Task prompt >> Every line from the top of the records below through the one containing "Matéria/Técnica: Construção das" must be copied exactly, and the pictures must not be.

(Exercise data Opens)

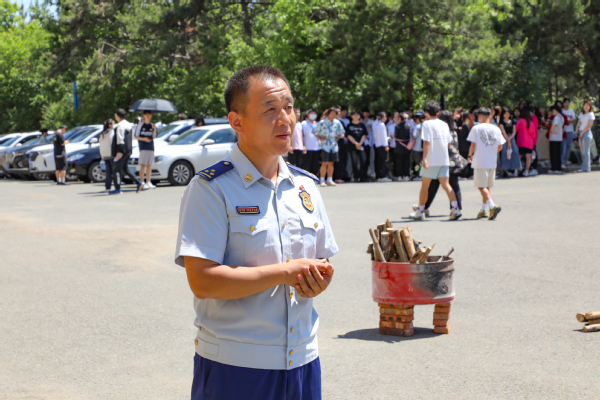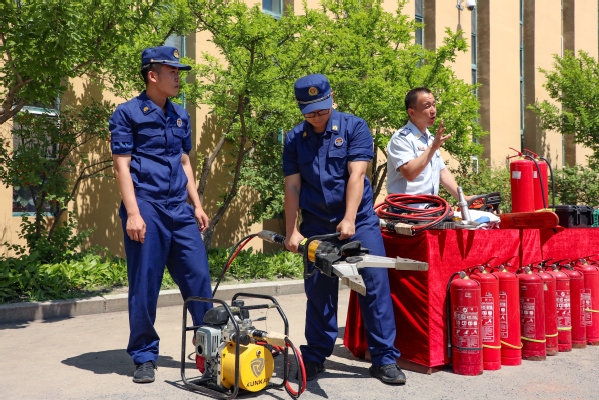 学校邀请双阳区消防救援站站长侯成龙进行现场讲解和演示。侯成龙介绍了常见的消防设施设备,展示了施救过程中使用的专业工具,讲解了发生火灾时的自救及逃生方法,并详细科普了各种灭火设施设备的工作原理和使用方法。
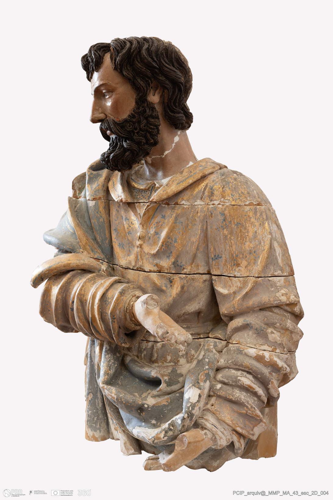 Matéria/Técnica: Construção das esculturas de vulto com a sobreposição de tacelos em barro cozido, dourado e policromado; Cronologia: 1670; Autoria: Desconhecida; Dimensões: Altura: 173 cm.
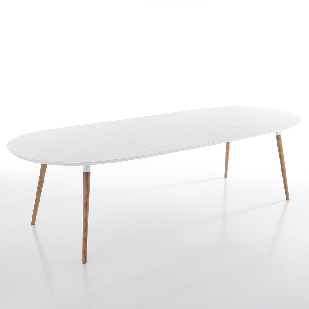 Mesa de comedor con tapa extensible fabricada en mdf lacado en blanco mate y patas en madera maciza con acabado roble . Un producto con un diseño simple y limpio, ideal para quienes aman un estilo de mobiliario esencial y versátil capaz de completar el estilo de su comedor o cocina con gusto y personalidad. Su punto fuerte está representado por el tablero extensible gracias a dos extensiones de 50 cm cada una que permiten que la mesa alcance una longitud de 220 o 270 cm.
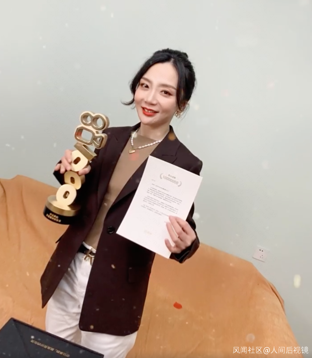 🟧 2022年2月,丁姐收到快手為點贊百萬、千萬成就的創作者頒發的粉絲成就獎盃。
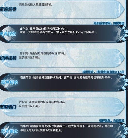 天青现虹:古华剑·裁雨留虹的持续时间延长3秒;此外,受到剑雨攻击的敌人,水元素抗性降低15%,持续4秒。
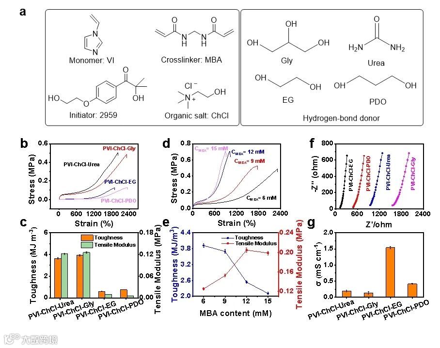 图 1. a) 单体、交联剂、引发剂、DESs的化学结构式。b)四种共晶凝胶的拉伸应力-应变曲线。c) 四种共晶凝胶的拉伸模量和韧性值。d)不同MBA含量的共晶凝胶的拉伸应力-应变曲线。e) 不同 MBA 含量的共晶凝胶的拉伸模量和韧性。f)四种共晶凝胶在室温下的 EIS谱。g) 四种共晶凝胶的电导率。
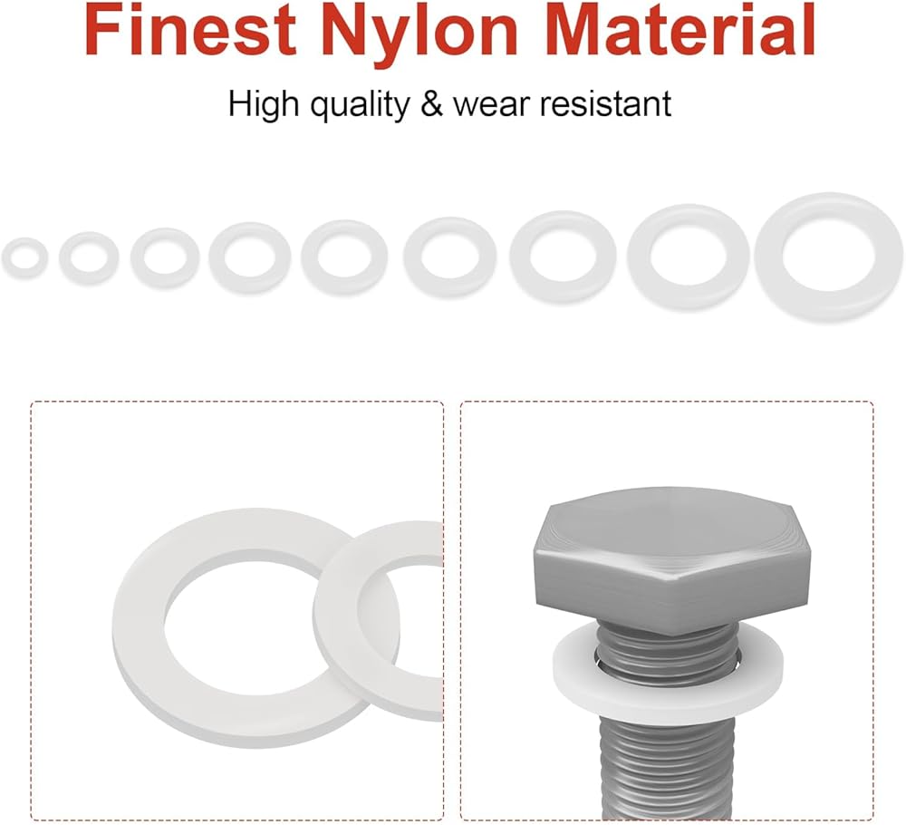 【High-quality Material】 Made of Nylon, flat washers are wear-resisting and moisture resistant, ensuring long lasting service life. In addition, you can rest assured that the flat washer will prevent electrical shorts between metal and metal.
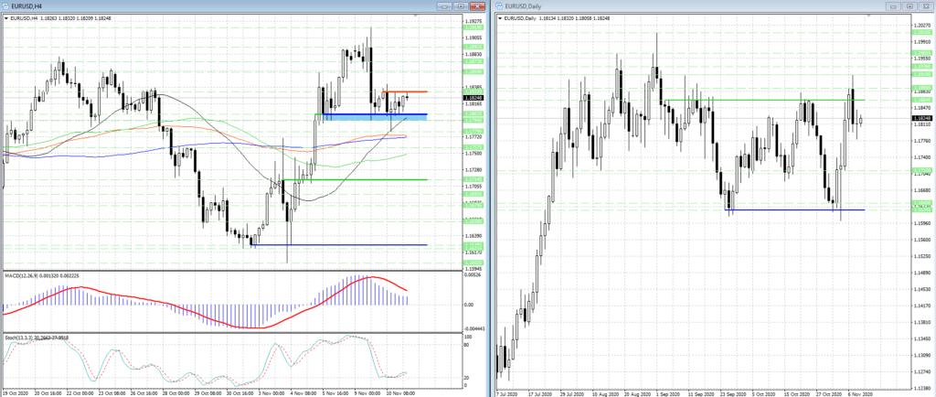 - с одной стороны на уровне 1.1833 присутствует сильное сопротивление для EURUSD,
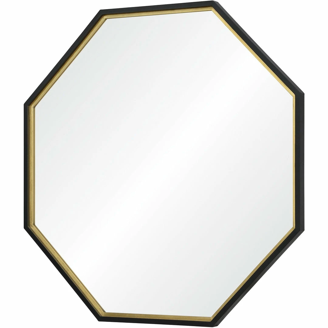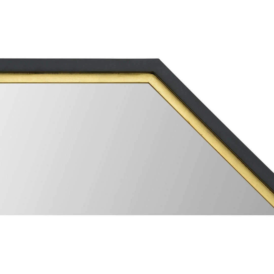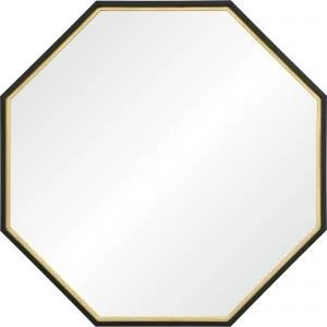 The Octo mirror has a pine frame that is painted black with a gold leaf finish.
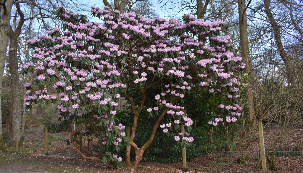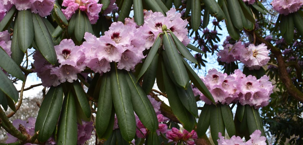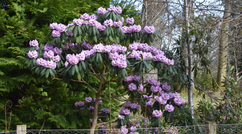 Across the road, beside the Woodland Garden, and in complete contrast, an eye catching rhododendron is in flower. A Facebook post from Scotland’s Garden Scheme Moray and Nairn suggests that it is Rhododendron calophytum.
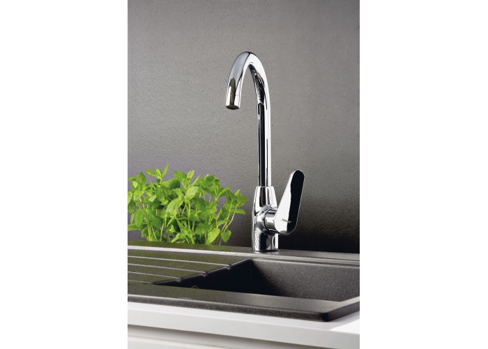 Смеситель для кухни FERRO Algeo (BAG4) устанавливается на кухонную мойку посредством одного монтажного отверстия. Прочный корпус из латуни устойчив к механическим повреждениям. Смеситель оснащен керамическим регулятором и поворотным изливом. Регулятор струи M24x1. Гибкая подводка G 3/8-M10x1. Высота излива: 23см.
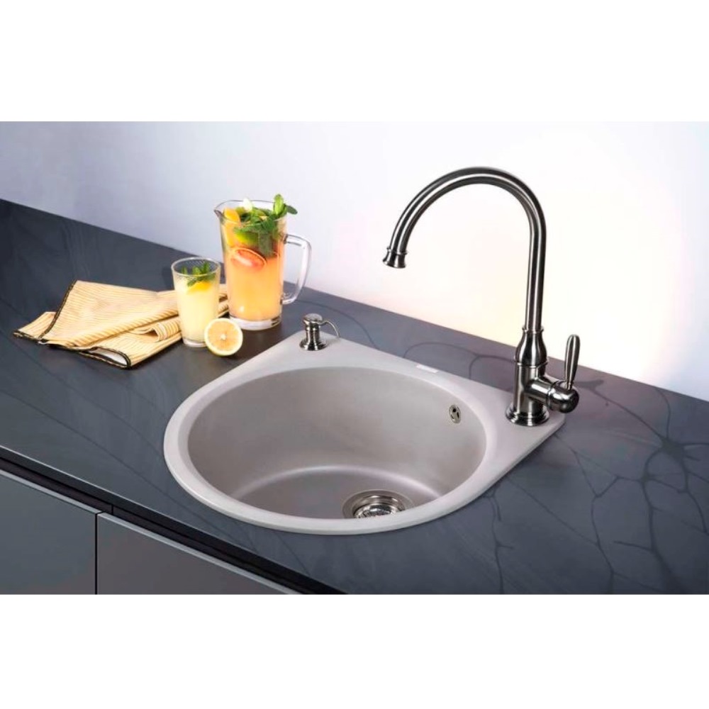 Мойка кухонная Omoikiri из коллекции Akegata 51-GR имеет размеры 510х510 мм., изготовлена из искусственного гранита. Форма — округлая, одна чаша без отверстия для смесителя. Сифон в комплекте. Ширина чаши 46. Врезной монтаж.
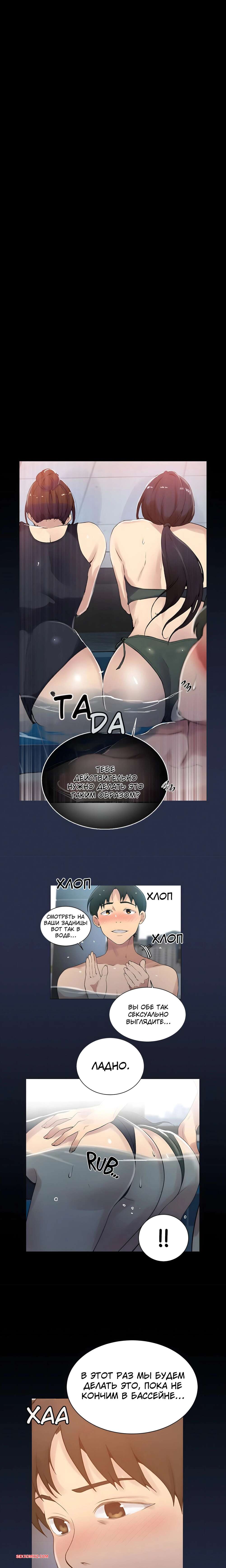 Порно комикс Тайное обучение. Без цензуры. Часть 157. Secret Class Две горячие брюнетки соблазняют парня в бассейне, желая потрахаться. Девушки раздвигают ножки и по очереди принимают в себя его твердый член, получая невероятное удовольствие.
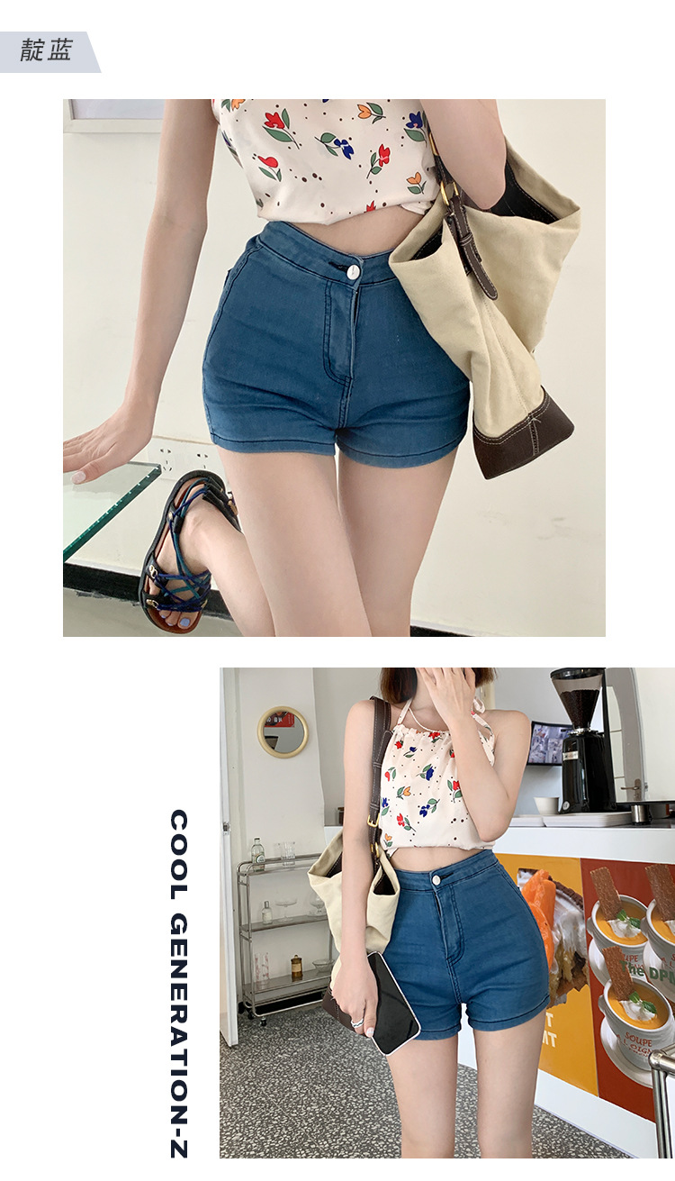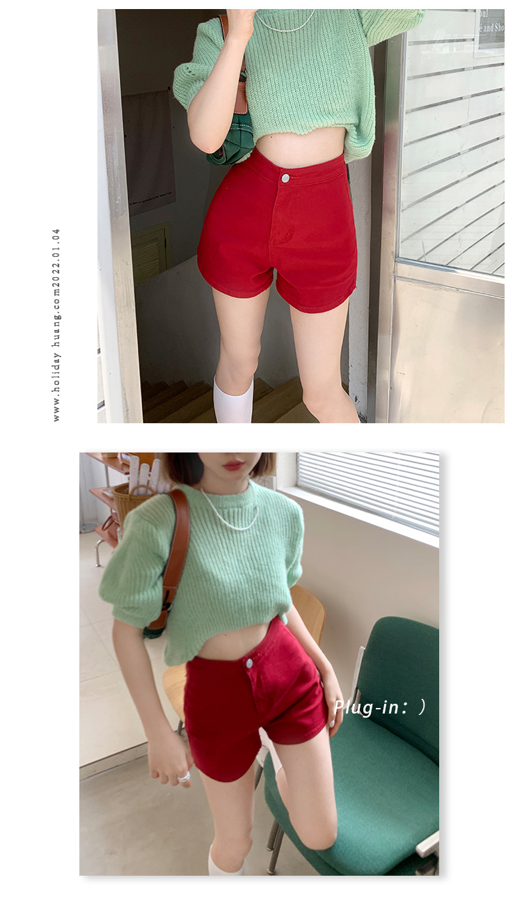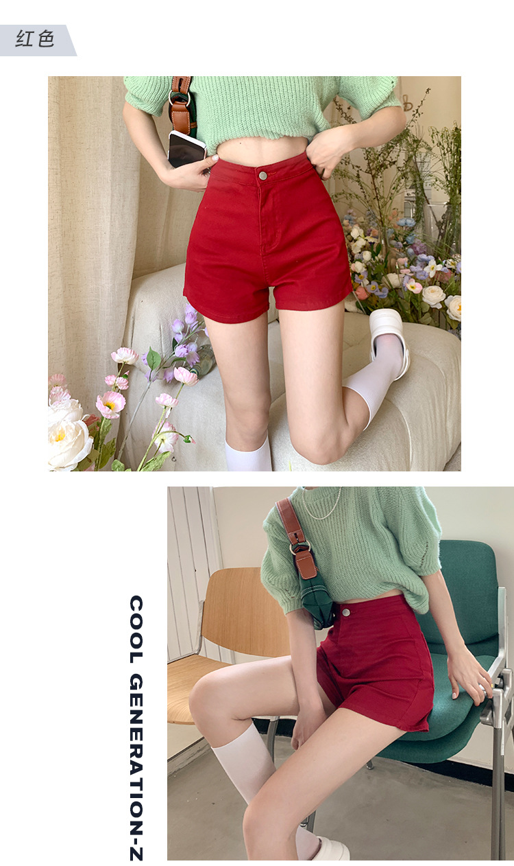 미국 레드 하이 허리 데님 반바지 여성 2025 년 여름 새로운 핫 스타일 스파이스 소녀 타이트한 유행 A-워드 핫 팬츠스토어 가기
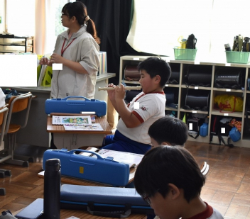 お二人の演奏に合わせて校歌を歌ったり、お二人に質問をしたりする時間もありました。
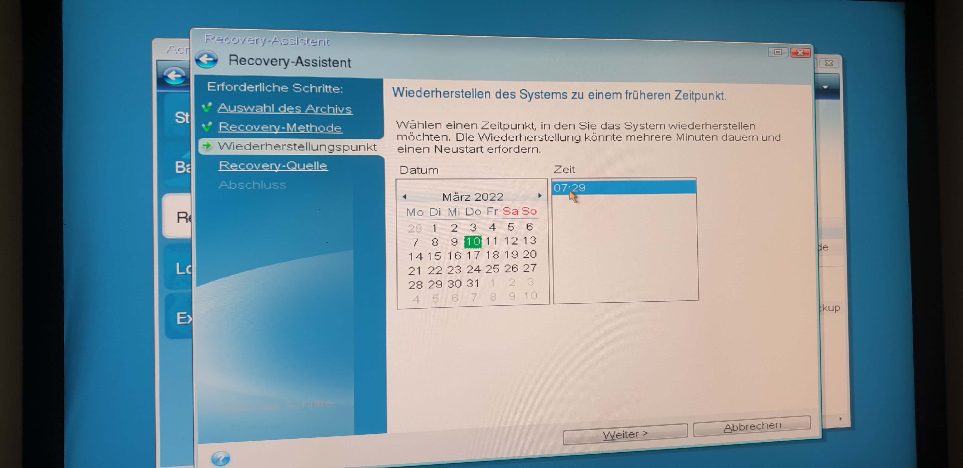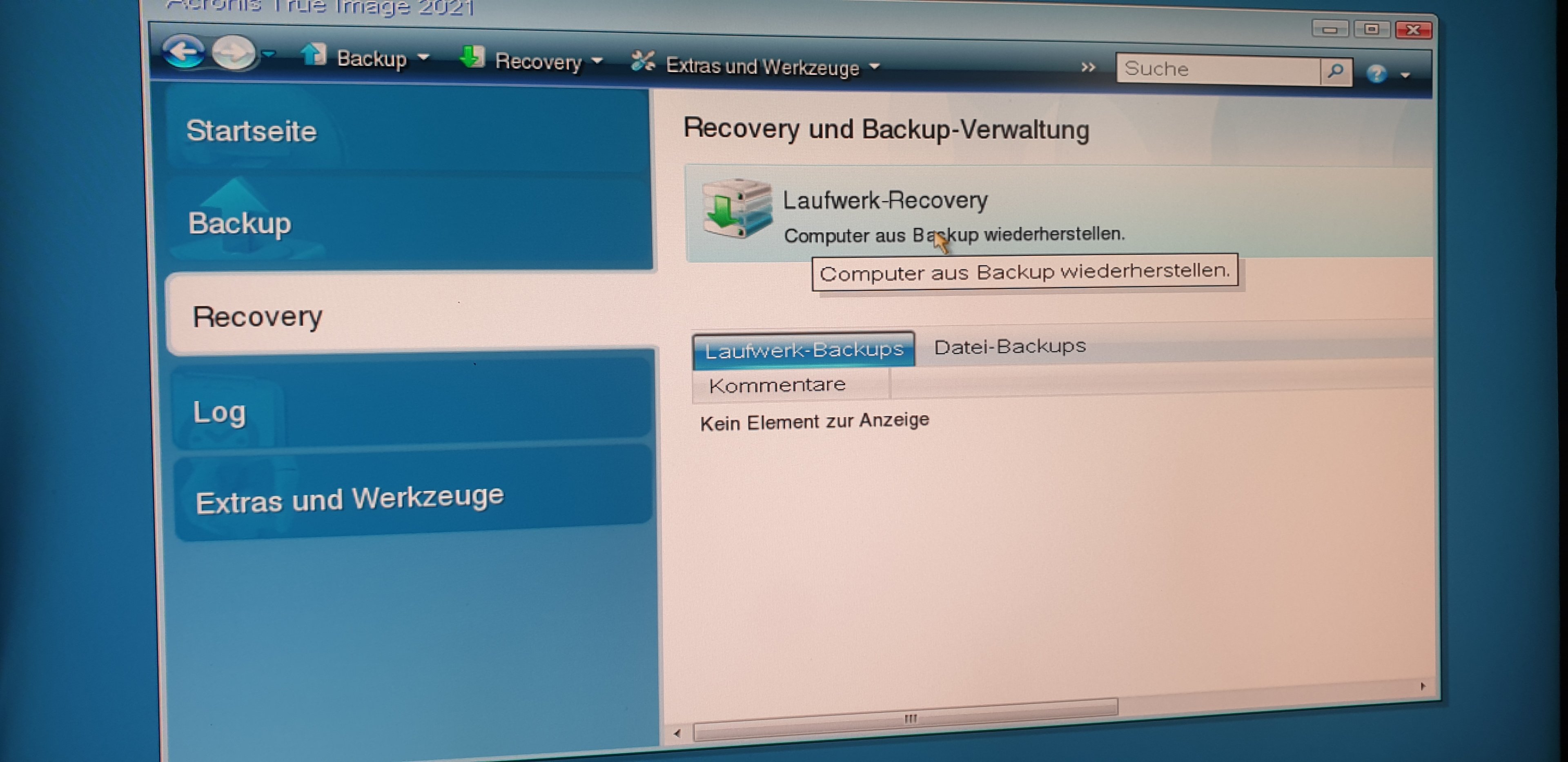a) Ich klicke auf Restore

(Exercise data Closes)

Exercise result >>
 学校邀请双阳区消防救援站站长侯成龙进行现场讲解和演示。侯成龙介绍了常见的消防设施设备,展示了施救过程中使用的专业工具,讲解了发生火灾时的自救及逃生方法,并详细科普了各种灭火设施设备的工作原理和使用方法。
 Matéria/Técnica: Construção das esculturas de vulto com a sobreposição de tacelos em barro cozido, dourado e policromado; Cronologia: 1670; Autoria: Desconhecida; Dimensões: Altura: 173 cm.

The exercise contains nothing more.